You can see the revision history for any GenBank accession at NCBI:
http://www.ncbi.nlm.nih.gov/entrez/sutils/girevhist.cgi?val=NM_014223
The download file was last updated on 7-7-2007. I tried blatting
the NM_014223 sequence from the "Jun 3 2007 1:10 PM" update to
the hg18 assembly, and the sequence aligned starting at the
genomic coordinate chr1:40,929,952. The upstream sequence from
the file you downloaded corresponds to the 1,000 bases upstream
of that base.
You can get an up-to-date version of the download file by
creating yourself with the Table Browser. First, make a custom
track of the upstream regions of RefSeq Genes. If you select the
RefSeq Genes track in the Table Browser and choose "output
format: custom track", you will be presented with an option to
create one BED record per region that is "Upstream by ___
bases". Enter 1,000 or 2,000 in this box and hit "get custom
track in genome browser". You should see a new custom track
containing blocks representing regions upstream of all RefSeq
Genes.
Now you can intersect your new custom track with the multiz
alignment in the Conservation track to get only the upstream
regions. To do this step, select the 17-way (or 28-way)
Conservation track in the Table Browser. Select the table
'multiz17way' and region: genome. Hit the "intersection: create"

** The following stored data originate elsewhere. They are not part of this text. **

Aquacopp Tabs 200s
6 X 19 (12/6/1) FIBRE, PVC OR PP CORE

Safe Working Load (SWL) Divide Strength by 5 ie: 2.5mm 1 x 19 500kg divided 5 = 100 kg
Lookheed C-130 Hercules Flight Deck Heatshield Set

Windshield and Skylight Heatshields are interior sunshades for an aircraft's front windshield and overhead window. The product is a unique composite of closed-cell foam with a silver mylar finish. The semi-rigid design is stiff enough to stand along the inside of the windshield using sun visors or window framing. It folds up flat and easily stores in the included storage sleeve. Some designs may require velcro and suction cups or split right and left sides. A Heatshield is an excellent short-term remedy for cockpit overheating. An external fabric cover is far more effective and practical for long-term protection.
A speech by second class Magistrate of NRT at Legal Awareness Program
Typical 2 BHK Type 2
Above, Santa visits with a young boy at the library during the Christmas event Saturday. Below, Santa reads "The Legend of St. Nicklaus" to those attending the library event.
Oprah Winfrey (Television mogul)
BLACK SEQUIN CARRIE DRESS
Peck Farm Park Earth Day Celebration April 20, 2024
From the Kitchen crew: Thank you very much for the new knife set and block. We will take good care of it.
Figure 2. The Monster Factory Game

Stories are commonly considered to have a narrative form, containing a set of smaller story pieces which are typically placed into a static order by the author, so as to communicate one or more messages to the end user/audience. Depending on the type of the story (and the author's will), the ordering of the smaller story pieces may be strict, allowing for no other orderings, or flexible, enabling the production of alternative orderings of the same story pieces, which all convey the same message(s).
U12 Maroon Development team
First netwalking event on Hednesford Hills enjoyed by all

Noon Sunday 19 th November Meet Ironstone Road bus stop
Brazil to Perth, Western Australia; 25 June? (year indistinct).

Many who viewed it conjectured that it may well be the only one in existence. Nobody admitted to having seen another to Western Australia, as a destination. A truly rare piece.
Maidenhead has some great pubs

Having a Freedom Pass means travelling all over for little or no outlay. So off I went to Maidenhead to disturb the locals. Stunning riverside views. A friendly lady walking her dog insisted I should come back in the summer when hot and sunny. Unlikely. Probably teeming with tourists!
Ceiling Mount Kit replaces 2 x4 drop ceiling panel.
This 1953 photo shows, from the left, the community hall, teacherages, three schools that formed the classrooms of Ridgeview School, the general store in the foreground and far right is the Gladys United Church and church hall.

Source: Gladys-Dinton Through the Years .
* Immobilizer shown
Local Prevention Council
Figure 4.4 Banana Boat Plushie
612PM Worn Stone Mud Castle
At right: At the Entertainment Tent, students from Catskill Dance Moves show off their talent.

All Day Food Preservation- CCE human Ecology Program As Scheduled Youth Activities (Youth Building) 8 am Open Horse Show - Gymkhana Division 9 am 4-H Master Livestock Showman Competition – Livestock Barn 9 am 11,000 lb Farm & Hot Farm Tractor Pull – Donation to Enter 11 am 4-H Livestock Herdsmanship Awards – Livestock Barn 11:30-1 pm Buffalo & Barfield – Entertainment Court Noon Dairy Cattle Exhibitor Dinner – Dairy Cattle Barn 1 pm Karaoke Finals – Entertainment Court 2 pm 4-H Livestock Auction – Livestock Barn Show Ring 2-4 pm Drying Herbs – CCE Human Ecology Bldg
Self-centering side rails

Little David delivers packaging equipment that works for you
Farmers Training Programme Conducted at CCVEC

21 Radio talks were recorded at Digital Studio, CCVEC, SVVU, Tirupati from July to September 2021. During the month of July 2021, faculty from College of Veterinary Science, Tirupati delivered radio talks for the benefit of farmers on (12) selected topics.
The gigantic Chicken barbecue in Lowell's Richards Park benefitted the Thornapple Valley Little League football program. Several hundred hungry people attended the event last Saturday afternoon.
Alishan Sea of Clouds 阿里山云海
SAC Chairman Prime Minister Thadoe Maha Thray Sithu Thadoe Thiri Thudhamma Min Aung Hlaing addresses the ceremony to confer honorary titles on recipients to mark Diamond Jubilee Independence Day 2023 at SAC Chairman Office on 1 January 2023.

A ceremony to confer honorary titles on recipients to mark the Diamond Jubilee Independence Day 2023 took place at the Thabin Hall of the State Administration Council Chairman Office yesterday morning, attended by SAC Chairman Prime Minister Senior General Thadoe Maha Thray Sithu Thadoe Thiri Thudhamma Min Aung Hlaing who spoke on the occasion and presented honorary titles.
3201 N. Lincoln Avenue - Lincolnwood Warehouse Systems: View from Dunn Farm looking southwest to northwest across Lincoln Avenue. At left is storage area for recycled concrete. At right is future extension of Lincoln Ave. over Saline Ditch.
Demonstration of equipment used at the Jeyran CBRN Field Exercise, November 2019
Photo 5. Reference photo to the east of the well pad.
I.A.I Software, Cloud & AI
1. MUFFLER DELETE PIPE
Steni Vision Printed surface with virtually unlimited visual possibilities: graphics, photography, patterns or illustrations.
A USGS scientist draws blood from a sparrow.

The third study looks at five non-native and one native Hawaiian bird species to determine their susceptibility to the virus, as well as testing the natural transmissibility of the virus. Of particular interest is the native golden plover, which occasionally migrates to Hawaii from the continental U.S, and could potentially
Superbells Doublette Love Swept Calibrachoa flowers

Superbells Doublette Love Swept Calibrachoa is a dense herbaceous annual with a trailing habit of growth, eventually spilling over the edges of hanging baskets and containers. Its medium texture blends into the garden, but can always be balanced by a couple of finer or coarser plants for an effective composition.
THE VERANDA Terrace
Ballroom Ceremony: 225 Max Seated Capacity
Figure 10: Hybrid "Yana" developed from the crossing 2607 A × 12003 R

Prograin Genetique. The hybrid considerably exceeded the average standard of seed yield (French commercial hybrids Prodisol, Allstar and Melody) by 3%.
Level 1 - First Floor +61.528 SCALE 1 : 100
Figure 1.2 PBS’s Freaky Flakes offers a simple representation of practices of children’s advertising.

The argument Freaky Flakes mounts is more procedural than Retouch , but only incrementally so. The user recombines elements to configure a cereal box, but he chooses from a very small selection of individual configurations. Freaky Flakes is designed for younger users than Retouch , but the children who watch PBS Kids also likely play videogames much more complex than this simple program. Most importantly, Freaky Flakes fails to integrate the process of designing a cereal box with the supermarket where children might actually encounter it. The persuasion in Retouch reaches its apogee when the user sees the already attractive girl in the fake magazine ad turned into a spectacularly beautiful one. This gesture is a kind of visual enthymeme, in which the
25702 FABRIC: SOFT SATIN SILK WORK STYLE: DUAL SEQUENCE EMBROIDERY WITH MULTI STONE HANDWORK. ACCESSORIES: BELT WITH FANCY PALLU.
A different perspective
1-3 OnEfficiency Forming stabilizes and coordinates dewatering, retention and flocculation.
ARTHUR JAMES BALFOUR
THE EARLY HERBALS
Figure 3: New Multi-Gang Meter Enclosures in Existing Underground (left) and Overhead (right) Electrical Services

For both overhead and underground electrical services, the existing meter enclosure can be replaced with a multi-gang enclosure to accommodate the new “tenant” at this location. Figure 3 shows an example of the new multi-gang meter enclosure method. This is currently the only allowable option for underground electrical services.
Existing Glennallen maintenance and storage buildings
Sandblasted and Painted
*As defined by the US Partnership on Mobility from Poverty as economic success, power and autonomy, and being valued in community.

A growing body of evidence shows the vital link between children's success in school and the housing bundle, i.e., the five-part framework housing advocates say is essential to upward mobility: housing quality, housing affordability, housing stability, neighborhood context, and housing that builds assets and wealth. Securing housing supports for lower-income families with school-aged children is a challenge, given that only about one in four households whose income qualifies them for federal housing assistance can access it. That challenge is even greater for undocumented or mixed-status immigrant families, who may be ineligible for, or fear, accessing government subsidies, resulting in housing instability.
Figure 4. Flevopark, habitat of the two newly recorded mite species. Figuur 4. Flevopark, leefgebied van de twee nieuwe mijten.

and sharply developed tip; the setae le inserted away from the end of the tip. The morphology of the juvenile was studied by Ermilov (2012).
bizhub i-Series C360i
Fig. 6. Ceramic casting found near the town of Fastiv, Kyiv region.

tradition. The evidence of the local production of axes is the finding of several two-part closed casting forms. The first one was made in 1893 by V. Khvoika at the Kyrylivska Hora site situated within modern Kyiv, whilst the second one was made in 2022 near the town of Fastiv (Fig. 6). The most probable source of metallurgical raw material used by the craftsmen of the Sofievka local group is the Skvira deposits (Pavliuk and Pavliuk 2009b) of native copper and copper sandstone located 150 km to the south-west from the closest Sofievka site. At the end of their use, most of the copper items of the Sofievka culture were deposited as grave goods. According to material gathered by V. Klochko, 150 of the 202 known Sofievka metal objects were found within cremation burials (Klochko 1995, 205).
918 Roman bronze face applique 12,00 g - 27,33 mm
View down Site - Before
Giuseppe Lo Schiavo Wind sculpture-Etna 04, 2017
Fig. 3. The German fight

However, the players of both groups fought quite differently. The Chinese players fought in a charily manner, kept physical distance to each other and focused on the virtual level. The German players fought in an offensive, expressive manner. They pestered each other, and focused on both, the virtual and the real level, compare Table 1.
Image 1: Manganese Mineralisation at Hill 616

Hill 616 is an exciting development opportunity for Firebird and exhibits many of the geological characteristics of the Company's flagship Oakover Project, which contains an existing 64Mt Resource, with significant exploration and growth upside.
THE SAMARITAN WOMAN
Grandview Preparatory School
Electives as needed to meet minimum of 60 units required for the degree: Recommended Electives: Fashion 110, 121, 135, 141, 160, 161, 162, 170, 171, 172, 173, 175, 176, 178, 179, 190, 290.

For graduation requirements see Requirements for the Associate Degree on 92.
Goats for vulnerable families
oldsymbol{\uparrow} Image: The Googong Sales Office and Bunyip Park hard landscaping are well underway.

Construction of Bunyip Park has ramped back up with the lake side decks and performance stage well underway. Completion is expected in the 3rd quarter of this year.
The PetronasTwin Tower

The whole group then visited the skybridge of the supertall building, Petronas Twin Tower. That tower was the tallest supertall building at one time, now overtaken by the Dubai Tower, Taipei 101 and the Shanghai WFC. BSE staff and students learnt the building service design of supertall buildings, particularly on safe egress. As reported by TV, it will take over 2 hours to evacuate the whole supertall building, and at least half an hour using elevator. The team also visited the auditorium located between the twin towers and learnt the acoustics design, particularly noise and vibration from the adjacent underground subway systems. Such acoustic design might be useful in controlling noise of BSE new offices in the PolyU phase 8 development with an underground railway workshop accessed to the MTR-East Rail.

button and select your custom track. Choose the option for "Base-
pair-wise intersection (AND) of 17-Way Cons and upstream regions
from refGene" and hit submit. Back on the main Table Browser
page, select "output format: MAF". The size of the file you will
be creating is quite large (76 Mb compressed for 1,000 base
regions). I suggest entering a name for the file and selecting
the option to get a gzip compressed version of it. Hit "get
output". You should end up with a MAF file that contains only
the regions upstream of RefSeq Genes.
You may also be interested in the tools for working with MAF
alignments at Galaxy: http://galaxy.psu.edu/ . Galaxy is run by
our collaborators at Penn State and extends the functionality of
the Table Browser. For instance, there is a tool to filter any
undesired species from a MAF file, leaving only the species of
interest to you.
I hope this is helpful. If you have further questions, please
feel free to contact us again at genome@soe.ucsc.edu. If you
have questions specific to Galaxy, their helpdesk email address
is galaxy-user@bx.psu.edu.
--
Brooke Rhead
UCSC Genome Bioinformatics Group
Subject: question or bug about UCSC genome browser sequence
From: Anyuan Guo <aguo@vcu.edu>
Date: Mon, 17 Nov 2008 10:54:21 -0800
To: genome@soe.ucsc.edu
Dear author,
Thanks for you providing the wonderful database and website
of UCSC
genome browser.
I have question about the sequence in it.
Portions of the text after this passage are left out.